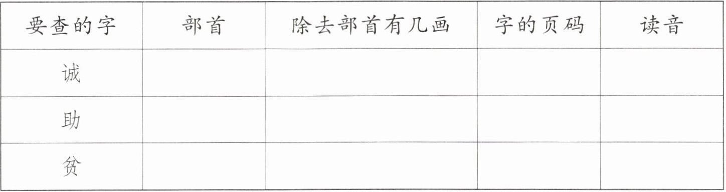 |要查的字|部首|除去部首有几画|字的页码|读音|
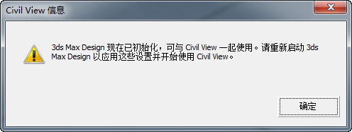 单击“确定”关闭警告,然后关闭并重新启动 3ds Max 以开始使用 Civil View 功能。
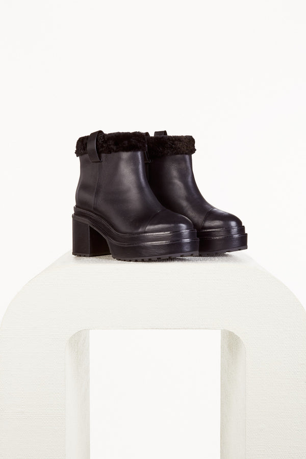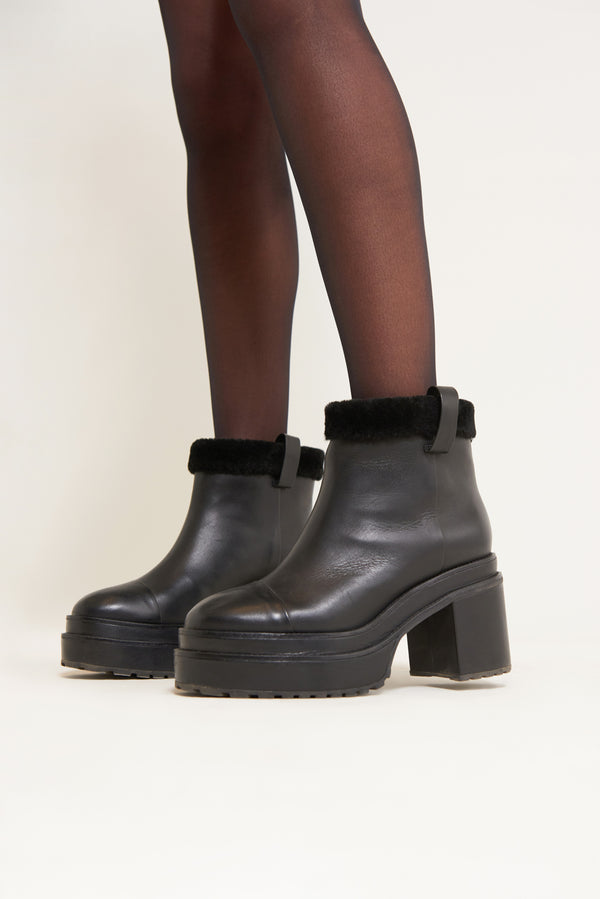 Fit NotesItalian leather shearling trim Padded sole Pull-on style Composition and CareHeel height: 3" Boot height shaft: 5" Body: 100% Cow Leather, 100% Shearling Sole: 100% Rubber Heel: 100% ABS |

# REQUIRED ACTION
Only the pictures are to be left out; print everything else in the listing exactly.

# ANSWER AREA
 |要查的字|部首|除去部首有几画|字的页码|读音|
 单击“确定”关闭警告,然后关闭并重新启动 3ds Max 以开始使用 Civil View 功能。
 Fit NotesItalian leather shearling trim Padded sole Pull-on style Composition and CareHeel height: 3" Boot height shaft: 5" Body: 100% Cow Leather, 100% Shearling Sole: 100% Rubber Heel: 100% ABS |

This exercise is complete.